Etiologi kongenital yang menyebabkan encephalocele meliputi kegagalan
pemisahan permukaan ektoderm secara sempurna dari neuroectoderm setelah
penutupan neural folds. Cranial neuropore biasanya akan menutup
pada hari ke-25 embriogenesis. Adanya masalah sebelum hari ke-25 embriogenesis
dapat menyebabkan kegagalan penutupan secara sempurna disertai dengan defek
yang tidak dilapisi oleh kulit.4
2. Didapat
Sebagian kecil kasus enchepalocele,
dapat disebabkan oleh etiologi didapat (sekunder). Etiologi sekunder yang
dimaksud meliputi tumor, trauma, infeksi, dan cedera pasca Tindakan bedah (iatrogenik) (Hidayati, 2020).4,5
3. Patofisiologi
Secara garis besar, patofisiologi encephalocele
belum diketahui secara jelas dan hanya berdasarkan teori saja (Munfarokhah, 2020).

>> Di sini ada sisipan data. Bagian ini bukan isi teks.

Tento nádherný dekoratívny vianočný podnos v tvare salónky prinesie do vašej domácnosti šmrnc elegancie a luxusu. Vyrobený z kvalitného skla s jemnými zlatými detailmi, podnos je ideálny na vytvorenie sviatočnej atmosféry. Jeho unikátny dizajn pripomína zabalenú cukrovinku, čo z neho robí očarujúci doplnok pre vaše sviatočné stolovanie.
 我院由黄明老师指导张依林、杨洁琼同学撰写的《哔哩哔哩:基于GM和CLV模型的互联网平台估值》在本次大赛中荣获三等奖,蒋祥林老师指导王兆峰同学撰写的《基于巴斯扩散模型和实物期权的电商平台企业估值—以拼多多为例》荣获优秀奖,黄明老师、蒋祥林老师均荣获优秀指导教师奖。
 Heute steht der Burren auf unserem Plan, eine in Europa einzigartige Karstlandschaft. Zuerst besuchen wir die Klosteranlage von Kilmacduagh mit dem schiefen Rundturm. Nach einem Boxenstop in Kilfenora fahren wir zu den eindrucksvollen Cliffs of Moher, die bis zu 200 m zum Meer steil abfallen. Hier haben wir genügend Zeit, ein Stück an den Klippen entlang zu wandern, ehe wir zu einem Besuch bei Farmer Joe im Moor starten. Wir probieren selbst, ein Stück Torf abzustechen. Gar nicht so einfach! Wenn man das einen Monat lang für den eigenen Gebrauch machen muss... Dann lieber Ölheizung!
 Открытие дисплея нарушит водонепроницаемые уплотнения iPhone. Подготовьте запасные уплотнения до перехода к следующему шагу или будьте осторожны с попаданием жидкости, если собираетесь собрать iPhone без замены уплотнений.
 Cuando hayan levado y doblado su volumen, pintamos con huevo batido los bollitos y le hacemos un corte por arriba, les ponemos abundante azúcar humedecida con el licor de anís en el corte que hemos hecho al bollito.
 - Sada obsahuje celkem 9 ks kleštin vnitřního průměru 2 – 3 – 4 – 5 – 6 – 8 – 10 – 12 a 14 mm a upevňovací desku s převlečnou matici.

Teori-teori yang menjelaskan mekanisme terjadinya encephalocele sebagai
berikut :4,5
a. Teori kegagalan pemisahan ektoderm dari neuroectoderm
setelah penutupan neural folds
Encephalocele terjadi sebagai akibat kegagalan pemisahan ektoderm dari
neuroectoderm setelah penutupan neural folds (Yueniwati
et al., 2021). Cranial neuropore biasanya akan menutup pada
hari ke-25 embriogenesis. Adanya masalah sebelum hari ke-25 embriogenesis dapat
menyebabkan kegagalan penutupan secara sempurna disertai dengan defek yang
tidak dilapisi oleh kulit (Karlinah, Yanti, &
Arma, 2015). Ketika kedua lapisan tersebut (ektoderm dan neuroectoderm)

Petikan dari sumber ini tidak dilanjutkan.